**EXERCISE DATA**

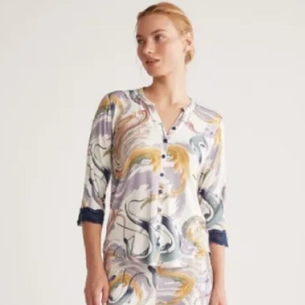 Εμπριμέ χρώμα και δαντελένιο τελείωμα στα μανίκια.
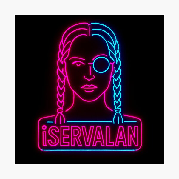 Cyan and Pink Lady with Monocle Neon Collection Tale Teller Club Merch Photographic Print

==

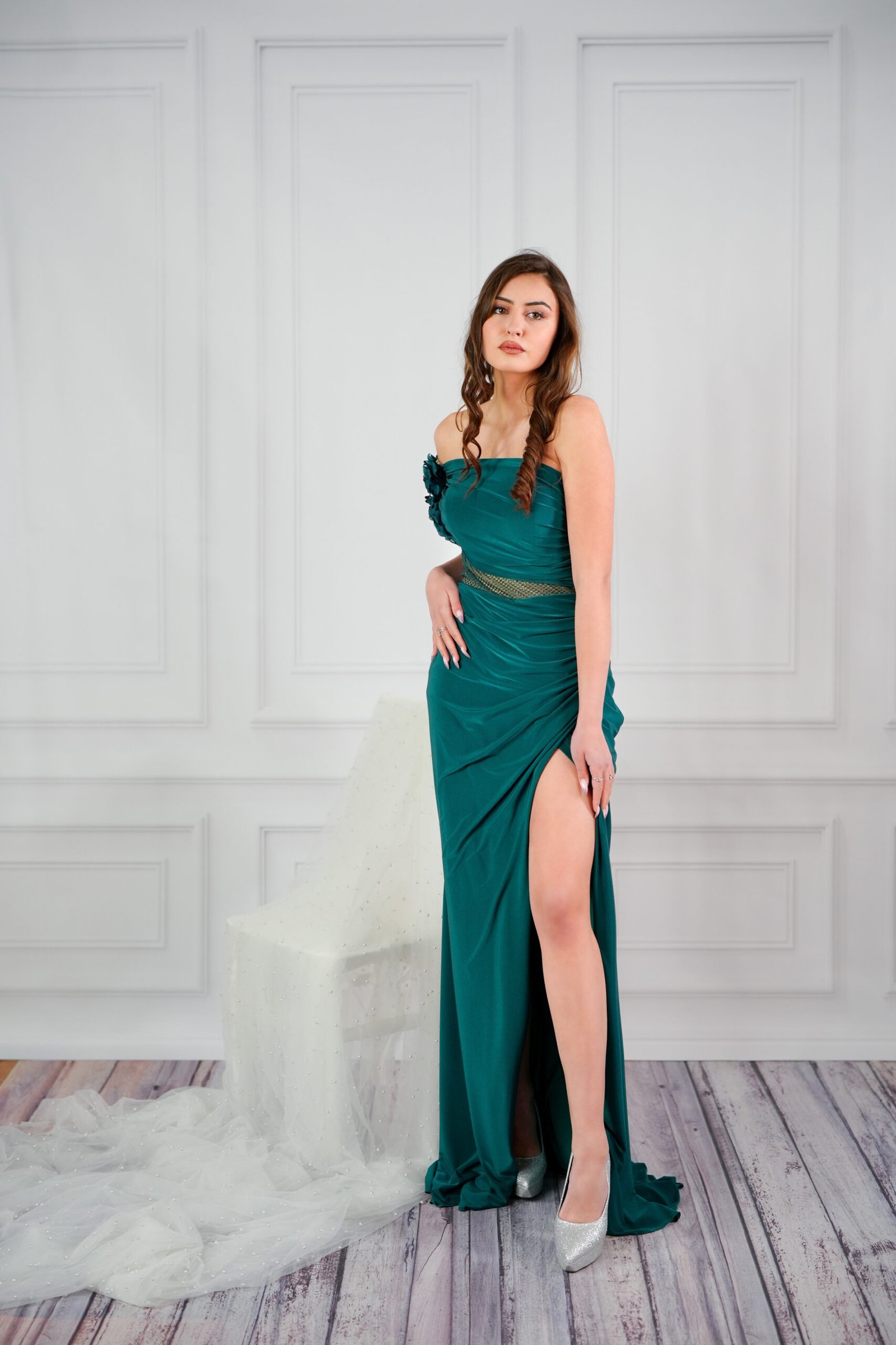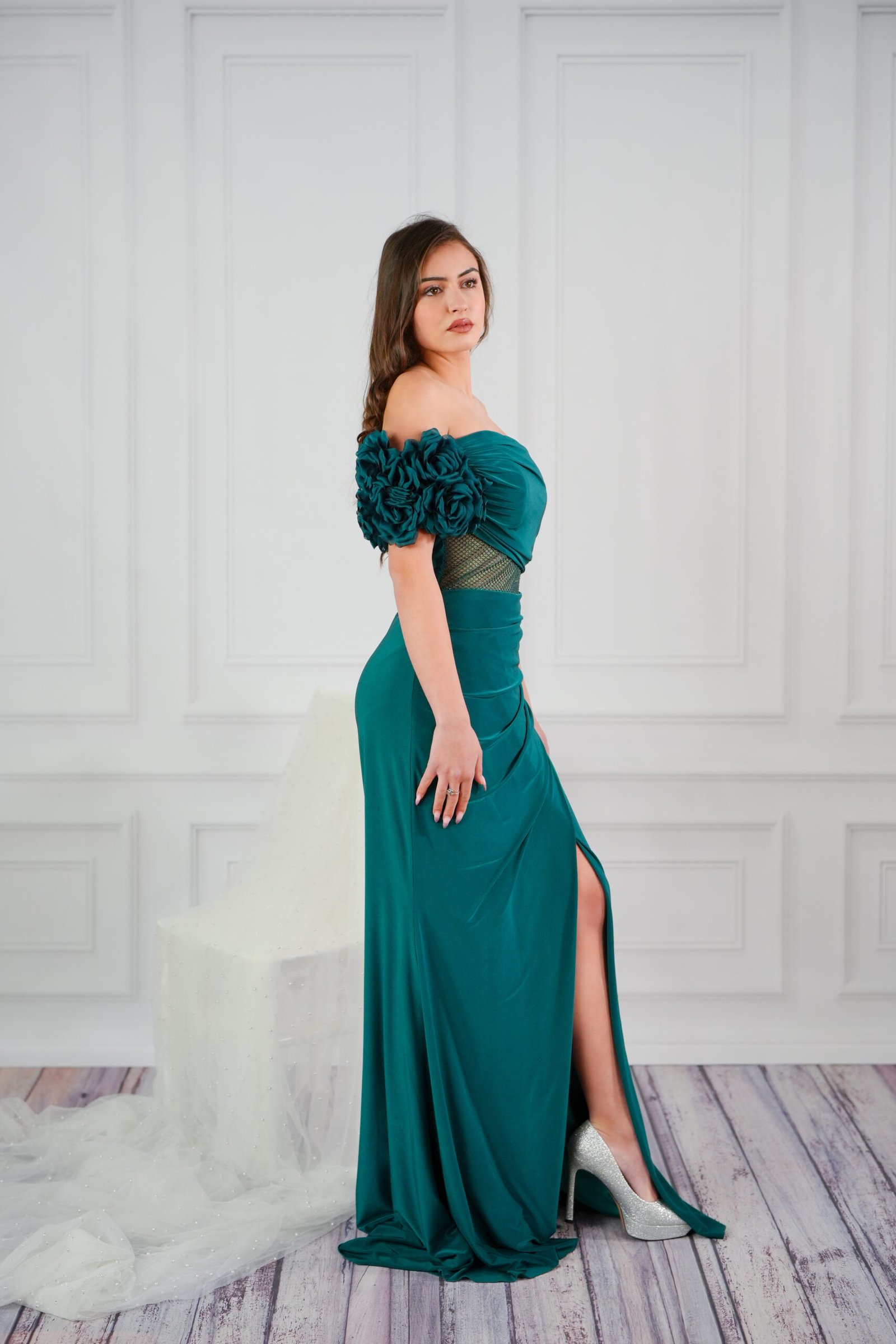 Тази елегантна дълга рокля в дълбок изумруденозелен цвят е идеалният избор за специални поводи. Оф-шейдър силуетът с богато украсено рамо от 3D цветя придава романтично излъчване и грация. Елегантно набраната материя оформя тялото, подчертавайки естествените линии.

**REQUIRED WORK**
Of the lines above, copy only those from the one holding "Εμπριμέ χρώμα και" to the one holding "Cyan and Pink", both included, and exclude every image.

**WRITTEN ANSWER**
 Εμπριμέ χρώμα και δαντελένιο τελείωμα στα μανίκια.
 Cyan and Pink Lady with Monocle Neon Collection Tale Teller Club Merch Photographic Print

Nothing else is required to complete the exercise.